━━ EXERCISE DATA ━━

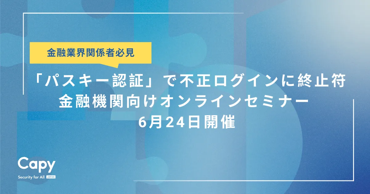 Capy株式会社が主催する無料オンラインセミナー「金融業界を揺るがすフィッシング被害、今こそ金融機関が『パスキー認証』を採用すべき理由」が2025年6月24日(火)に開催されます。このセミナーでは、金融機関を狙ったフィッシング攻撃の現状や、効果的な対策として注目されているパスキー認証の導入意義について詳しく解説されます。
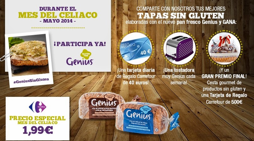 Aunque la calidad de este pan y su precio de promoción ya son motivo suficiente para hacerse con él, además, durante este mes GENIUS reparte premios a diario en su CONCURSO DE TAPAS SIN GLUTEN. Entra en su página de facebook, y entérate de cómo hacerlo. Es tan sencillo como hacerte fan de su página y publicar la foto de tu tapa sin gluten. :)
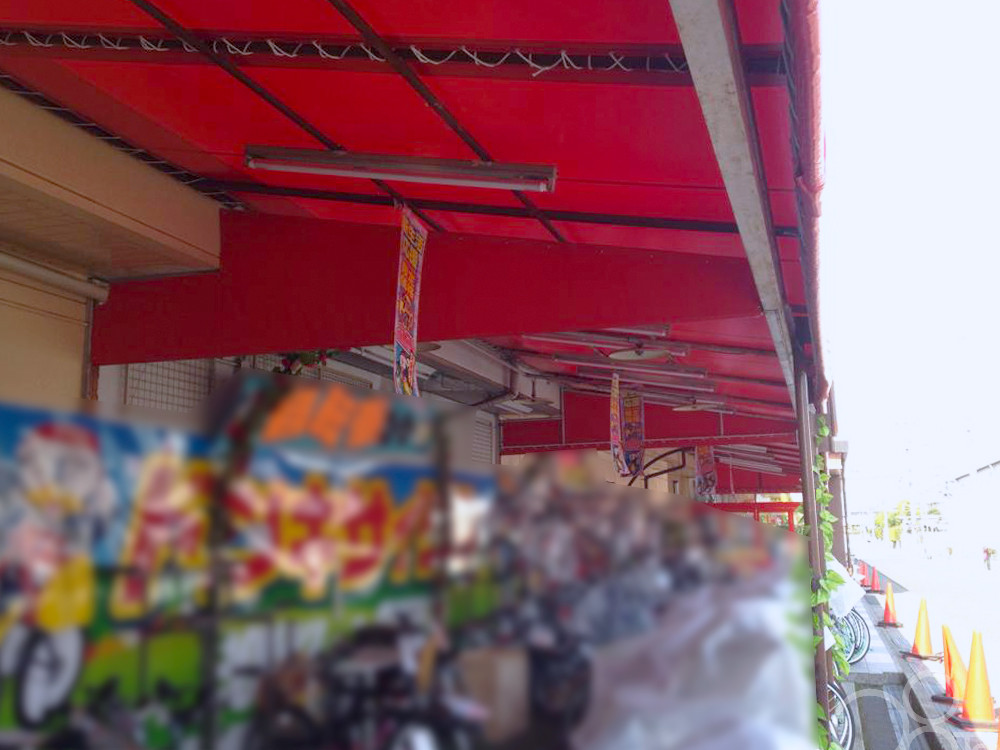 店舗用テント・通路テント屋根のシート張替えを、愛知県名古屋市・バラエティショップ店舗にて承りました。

━━━

### PROMPT
Repeat every line of the data above exactly, but drop the pictures.

### TASK RESULT
 Capy株式会社が主催する無料オンラインセミナー「金融業界を揺るがすフィッシング被害、今こそ金融機関が『パスキー認証』を採用すべき理由」が2025年6月24日(火)に開催されます。このセミナーでは、金融機関を狙ったフィッシング攻撃の現状や、効果的な対策として注目されているパスキー認証の導入意義について詳しく解説されます。
 Aunque la calidad de este pan y su precio de promoción ya son motivo suficiente para hacerse con él, además, durante este mes GENIUS reparte premios a diario en su CONCURSO DE TAPAS SIN GLUTEN. Entra en su página de facebook, y entérate de cómo hacerlo. Es tan sencillo como hacerte fan de su página y publicar la foto de tu tapa sin gluten. :)
 店舗用テント・通路テント屋根のシート張替えを、愛知県名古屋市・バラエティショップ店舗にて承りました。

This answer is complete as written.